An FDA Form 483 is issued to firm management at the conclusion of an inspection when an investigator(s) has observed any conditions that in their judgment may constitute violations of the Food Drug and Cosmetic (FD&C) Act and related Acts.

“The Company is committed to maintaining the highest quality manufacturing standards at all of its facilities across the globe,” Aurobindo added.

This development doesn’t have any impact on operations of the facility.

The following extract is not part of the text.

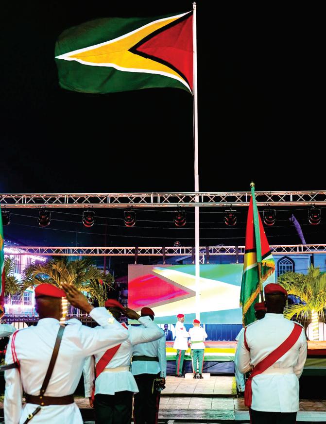 From the coastland villages to the Rupununi savannahs, from bustling markets to quiet farming communities,theheartbeatofGuyanaremainsitspeople. Their resilience has carried this nation through hardship. Theirunitymustnowguideitthroughopportunity Asthe GoldenArrowhead waves proudly, Guyanese can reflect onhowfartherepublichascomeandhowmuchfurtherit cango.Inhonouringthecourageof1970,thenationmust summonequalcouragetoday:tomanagewealthwisely,to protect democratic values fiercely, and to ensure that developmenttoucheseveryvillageandeverychild.United inpurposeandpride,Guyana’srepublicstandsnotonlyas atestamenttosovereigntyachieved,butasapromiseyetto befullyrealised.

Aurobindo Pharma Limited is an integrated global pharmaceutical company headquartered in Hyderabad, India. The Company develops, manufactures, and commercializes a wide range of generic pharmaceuticals, branded specialty pharmaceuticals and active pharmaceutical ingredients globally in over 150 countries. The company has 31 manufacturing and packaging facilities that are approved by regulatory agencies including USFDA, UK MHRA, EDQM, Japan PMDA, WHO, Health Canada, South Africa MCC, Brazil ANVISA. The Company’s product portfolio is spread over 7 major therapeutic/product areas encompassing CNS, Anti-Retroviral, CVS, Antibiotics, Gastroenterological, Anti-Diabetics and Anti-Allergic, supported by a R&D set-up.